▸ **WHAT THIS TASK INVOLVES**
Using the data below, set down every line from the one containing "I jumped in" through the one containing "Křeslo s vysokým podpatkem šedé umělá kůže", inclusive and unchanged. Pictures are to be skipped.

▸ **EXCERPTED RECORDS**
--------
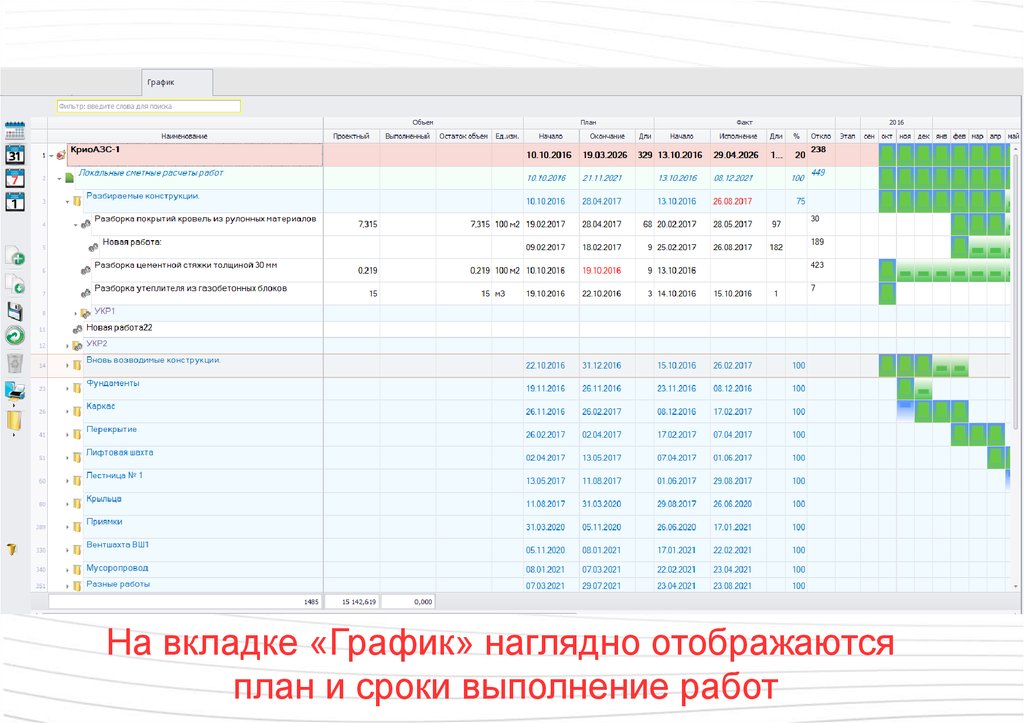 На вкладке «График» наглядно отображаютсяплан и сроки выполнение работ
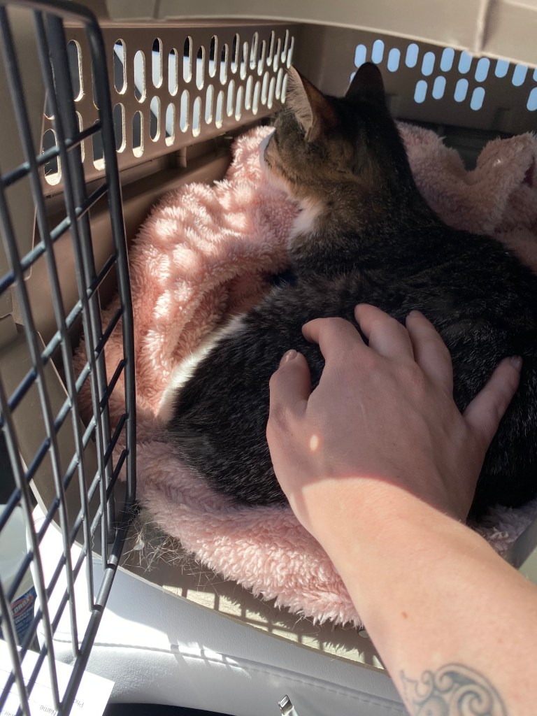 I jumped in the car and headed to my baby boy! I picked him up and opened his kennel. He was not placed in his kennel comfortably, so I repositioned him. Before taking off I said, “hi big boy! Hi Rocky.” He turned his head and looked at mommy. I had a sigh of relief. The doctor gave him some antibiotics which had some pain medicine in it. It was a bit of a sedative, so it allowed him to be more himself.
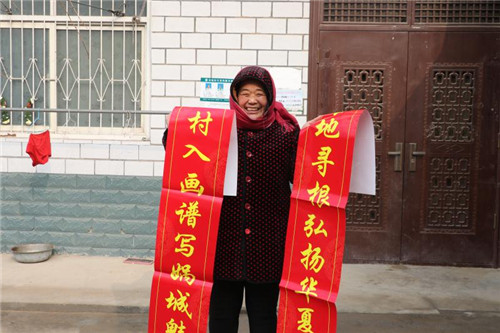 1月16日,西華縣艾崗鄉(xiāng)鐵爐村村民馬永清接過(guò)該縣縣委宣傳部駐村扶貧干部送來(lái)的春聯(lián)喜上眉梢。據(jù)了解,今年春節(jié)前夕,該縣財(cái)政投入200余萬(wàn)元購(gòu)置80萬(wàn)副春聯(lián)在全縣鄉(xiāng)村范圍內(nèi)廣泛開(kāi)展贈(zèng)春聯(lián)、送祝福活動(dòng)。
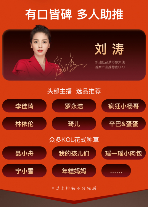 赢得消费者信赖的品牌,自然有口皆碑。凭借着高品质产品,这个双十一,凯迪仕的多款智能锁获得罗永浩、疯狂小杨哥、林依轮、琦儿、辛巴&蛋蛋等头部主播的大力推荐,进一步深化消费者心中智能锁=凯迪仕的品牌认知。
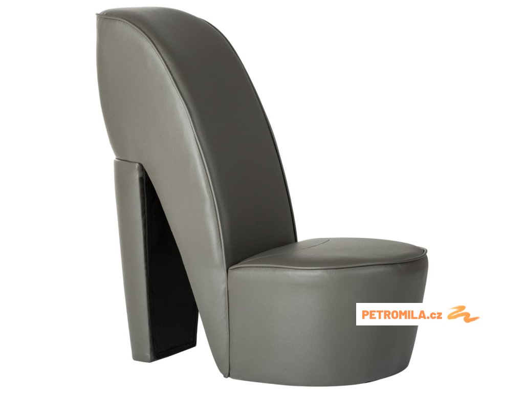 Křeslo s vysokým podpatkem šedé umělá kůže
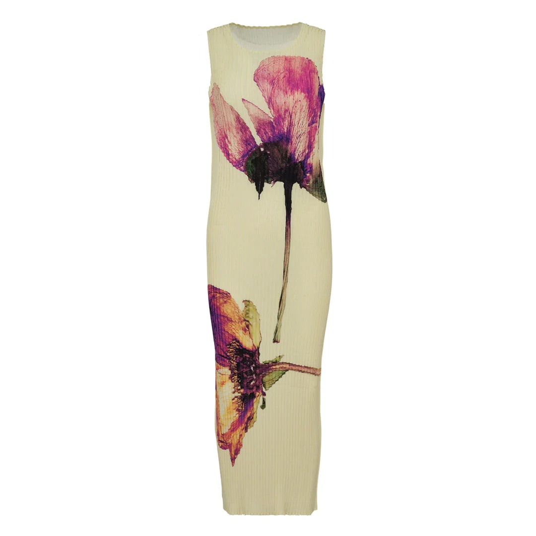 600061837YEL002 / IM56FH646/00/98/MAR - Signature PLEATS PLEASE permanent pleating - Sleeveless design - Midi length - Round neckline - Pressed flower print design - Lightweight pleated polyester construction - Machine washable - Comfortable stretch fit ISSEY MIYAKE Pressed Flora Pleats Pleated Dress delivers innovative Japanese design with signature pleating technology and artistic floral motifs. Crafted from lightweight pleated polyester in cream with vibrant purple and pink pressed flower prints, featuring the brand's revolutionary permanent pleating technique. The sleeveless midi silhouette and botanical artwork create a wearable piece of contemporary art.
--------
▸ **SOLUTION TO THIS TASK**
 I jumped in the car and headed to my baby boy! I picked him up and opened his kennel. He was not placed in his kennel comfortably, so I repositioned him. Before taking off I said, “hi big boy! Hi Rocky.” He turned his head and looked at mommy. I had a sigh of relief. The doctor gave him some antibiotics which had some pain medicine in it. It was a bit of a sedative, so it allowed him to be more himself.
 1月16日,西華縣艾崗鄉(xiāng)鐵爐村村民馬永清接過(guò)該縣縣委宣傳部駐村扶貧干部送來(lái)的春聯(lián)喜上眉梢。據(jù)了解,今年春節(jié)前夕,該縣財(cái)政投入200余萬(wàn)元購(gòu)置80萬(wàn)副春聯(lián)在全縣鄉(xiāng)村范圍內(nèi)廣泛開(kāi)展贈(zèng)春聯(lián)、送祝福活動(dòng)。
 赢得消费者信赖的品牌,自然有口皆碑。凭借着高品质产品,这个双十一,凯迪仕的多款智能锁获得罗永浩、疯狂小杨哥、林依轮、琦儿、辛巴&蛋蛋等头部主播的大力推荐,进一步深化消费者心中智能锁=凯迪仕的品牌认知。
 Křeslo s vysokým podpatkem šedé umělá kůže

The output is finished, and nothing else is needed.